**Goal of the exercise:**
Exactly and only the lines from the line holding "Fundacja Szlachetne Zdrowie" to the end of the records should be reproduced. Leave pictures out.

**Records provided:**
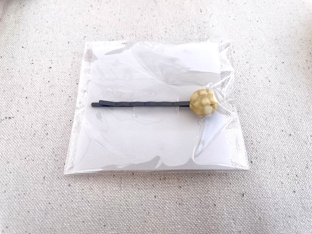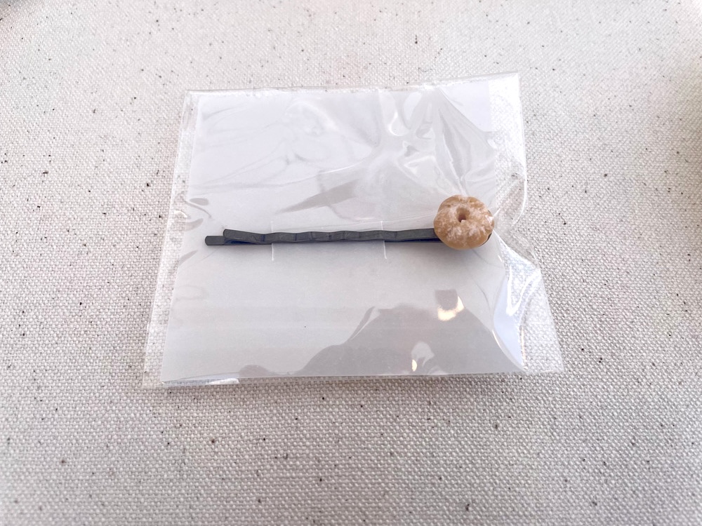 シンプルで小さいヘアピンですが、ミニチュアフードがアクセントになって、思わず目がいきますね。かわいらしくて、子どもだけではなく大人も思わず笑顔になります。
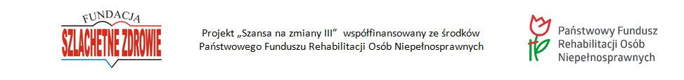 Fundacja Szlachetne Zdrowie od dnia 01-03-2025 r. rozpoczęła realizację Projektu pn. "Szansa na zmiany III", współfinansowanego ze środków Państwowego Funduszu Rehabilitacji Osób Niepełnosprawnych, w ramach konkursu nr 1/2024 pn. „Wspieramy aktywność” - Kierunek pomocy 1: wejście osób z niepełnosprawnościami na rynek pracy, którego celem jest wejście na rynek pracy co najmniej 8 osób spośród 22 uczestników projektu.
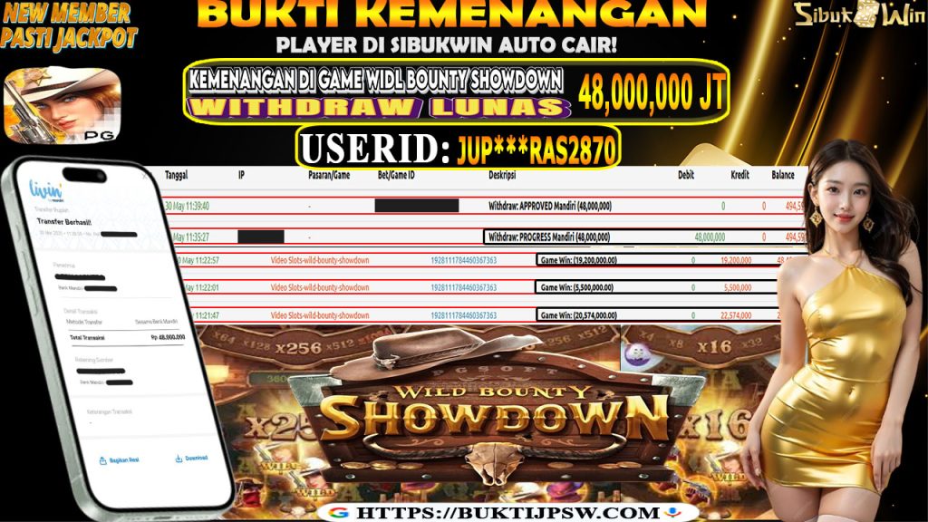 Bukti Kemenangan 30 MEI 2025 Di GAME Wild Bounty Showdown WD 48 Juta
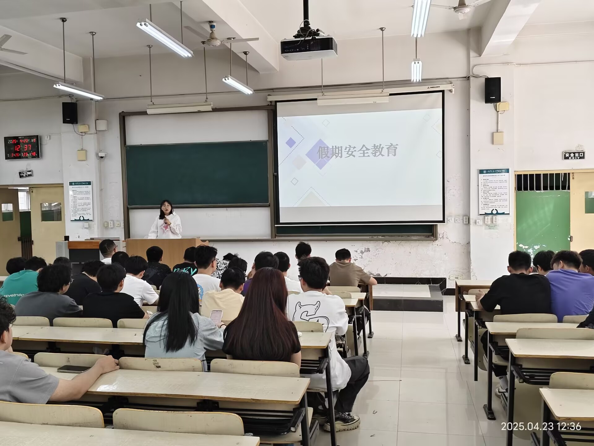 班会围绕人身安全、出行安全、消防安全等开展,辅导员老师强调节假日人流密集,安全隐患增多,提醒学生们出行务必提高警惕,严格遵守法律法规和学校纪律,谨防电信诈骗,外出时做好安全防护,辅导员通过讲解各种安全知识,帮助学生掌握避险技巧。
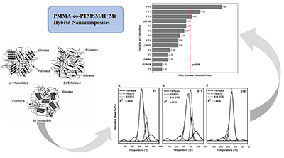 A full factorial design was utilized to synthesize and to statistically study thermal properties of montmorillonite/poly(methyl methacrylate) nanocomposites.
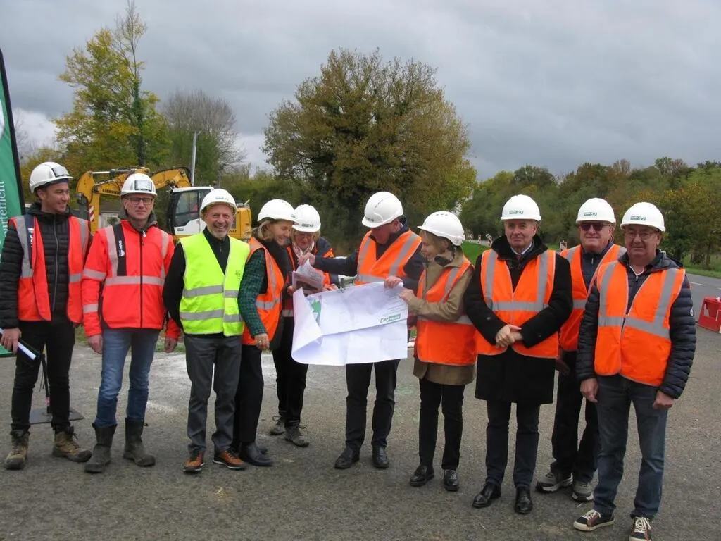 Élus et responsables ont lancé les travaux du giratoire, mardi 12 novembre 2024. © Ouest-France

**Answer space:**
 Fundacja Szlachetne Zdrowie od dnia 01-03-2025 r. rozpoczęła realizację Projektu pn. "Szansa na zmiany III", współfinansowanego ze środków Państwowego Funduszu Rehabilitacji Osób Niepełnosprawnych, w ramach konkursu nr 1/2024 pn. „Wspieramy aktywność” - Kierunek pomocy 1: wejście osób z niepełnosprawnościami na rynek pracy, którego celem jest wejście na rynek pracy co najmniej 8 osób spośród 22 uczestników projektu.
 Bukti Kemenangan 30 MEI 2025 Di GAME Wild Bounty Showdown WD 48 Juta
 班会围绕人身安全、出行安全、消防安全等开展,辅导员老师强调节假日人流密集,安全隐患增多,提醒学生们出行务必提高警惕,严格遵守法律法规和学校纪律,谨防电信诈骗,外出时做好安全防护,辅导员通过讲解各种安全知识,帮助学生掌握避险技巧。
 A full factorial design was utilized to synthesize and to statistically study thermal properties of montmorillonite/poly(methyl methacrylate) nanocomposites.
 Élus et responsables ont lancé les travaux du giratoire, mardi 12 novembre 2024. © Ouest-France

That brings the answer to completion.